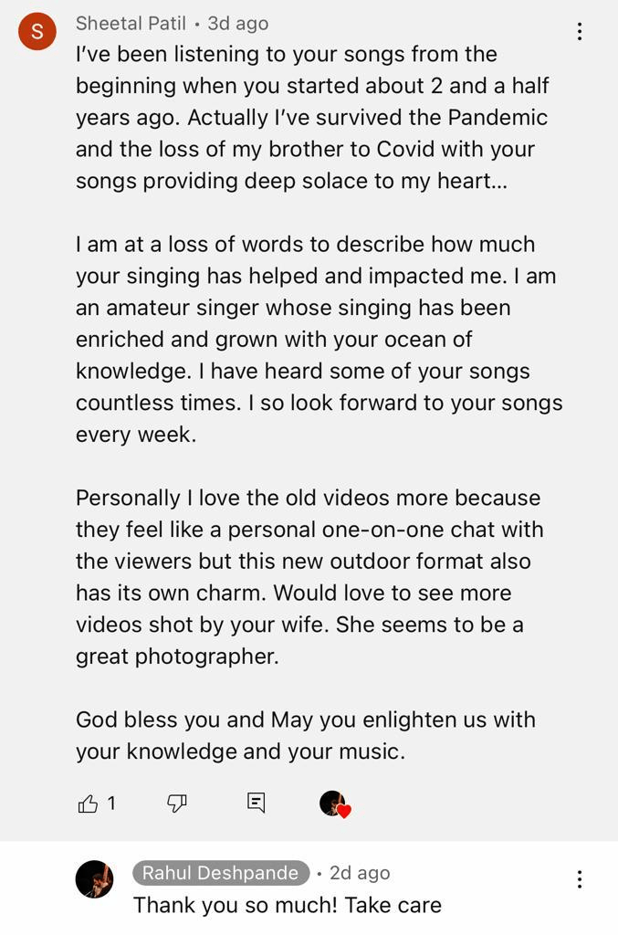 As an addition to the above article, I am happy to post a reply I received from The Great Rahul Deshpande to my message to him a few months back. I cannot express the happiness I experienced, receiving a short but a compassionate reply from him. Posting a screenshot of the message below:
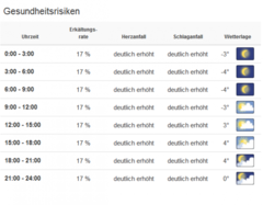 Zum Teil deutlich erhöhte Schlaganfall- und Herzinfarktrisiken in den kommenden Tagen.
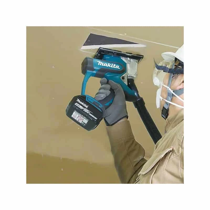 Cette scie à plaque de plâtre avec une prise en main parfaitement étudiée pour le travail en hauteur.
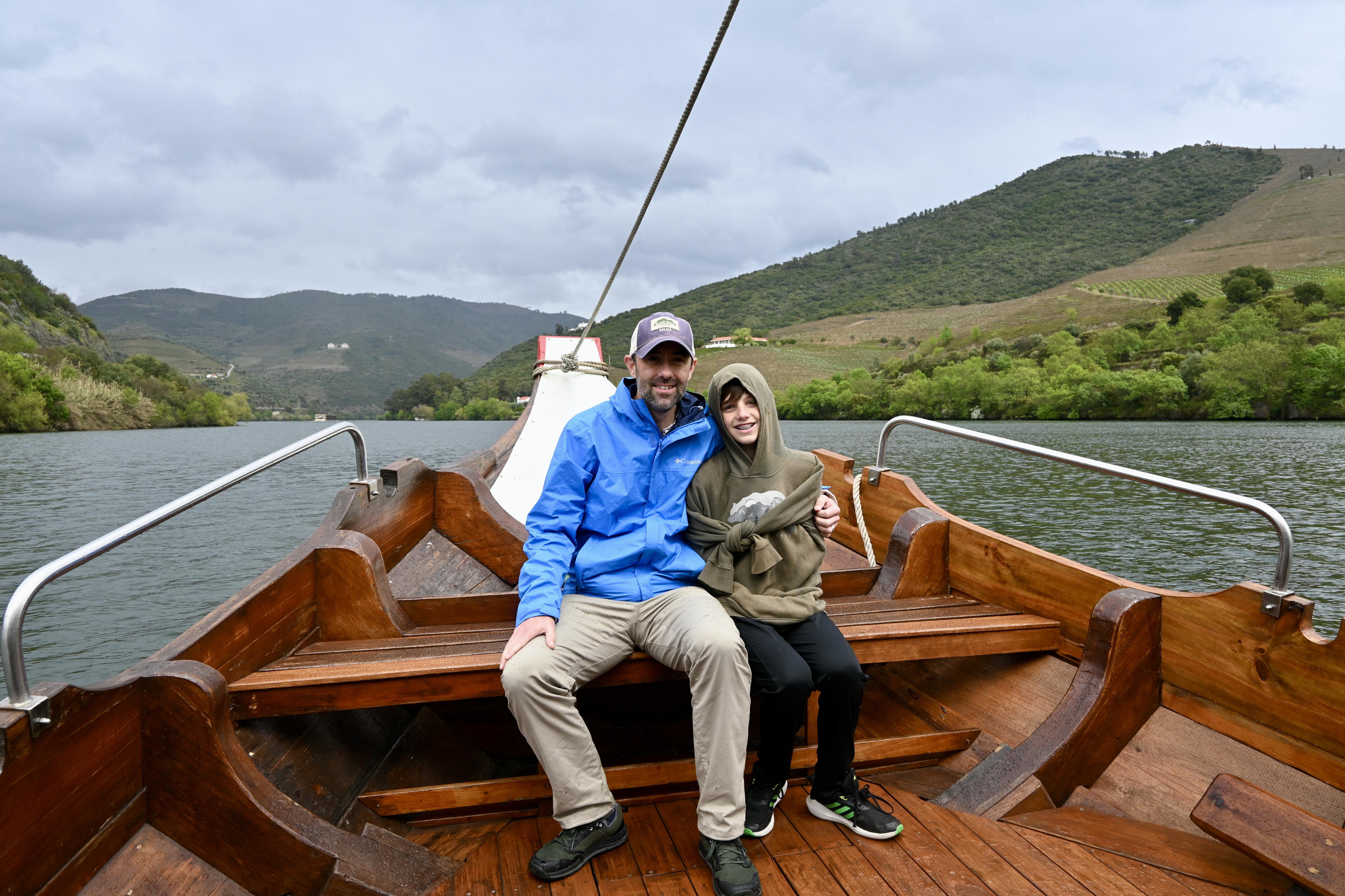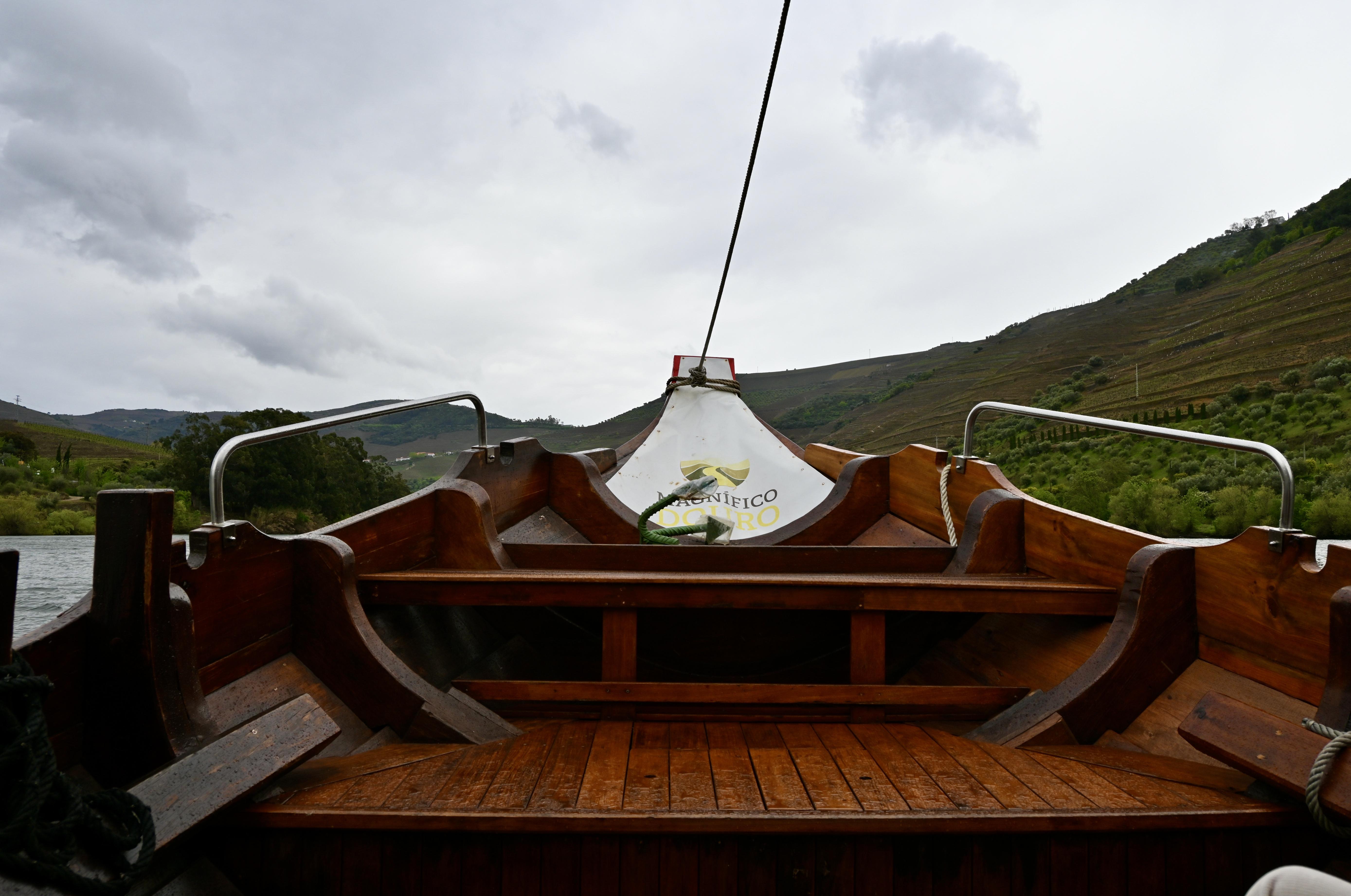 The tour was on a rabelo boat, which is a traditional Portuguese wooden boat that was used for centuries to deliver barrels of port wine from the Douro Valley to Porto. The boats have a flat bottom, which allows them to pass through shallow sections of the river. Rabelo means “little tail”, referring to the long wooden oar used to steer the boat.

**WORK ORDER**
Beginning with the line where "Cette scie à" appears, restate word for word every line down to the last one in the data, but keep the pictures out.

**RESULT OF THE TASK**
 Cette scie à plaque de plâtre avec une prise en main parfaitement étudiée pour le travail en hauteur.
 The tour was on a rabelo boat, which is a traditional Portuguese wooden boat that was used for centuries to deliver barrels of port wine from the Douro Valley to Porto. The boats have a flat bottom, which allows them to pass through shallow sections of the river. Rabelo means “little tail”, referring to the long wooden oar used to steer the boat.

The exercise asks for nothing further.